Announcement

Collapse
No announcement yet.
X
  • Filter
  • Time
  • Show
Clear All
new posts

  • Creating variable in long dataset for first treatment

    Hi, I'm using Stata14.2 and I am struggling to create the variable in the manner that I want it.

    I have a large panel dataset with observations for each account in each month.
    The issue I'm having is that the households were given a 'treatment' but some of them received their treatment in November while others received theirs at other times.
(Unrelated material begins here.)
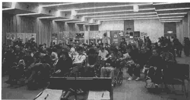
150名を超える方々の参加を得て開かれたギャラリートーク

There is also a control group, who obviously didn't receive any insert.

    Now I am trying to create a single variable to tell when each household received its first insert.
    Thus, 0 for never received an insert (i.e control), 1 for received insert in November, 2 for December, and so on.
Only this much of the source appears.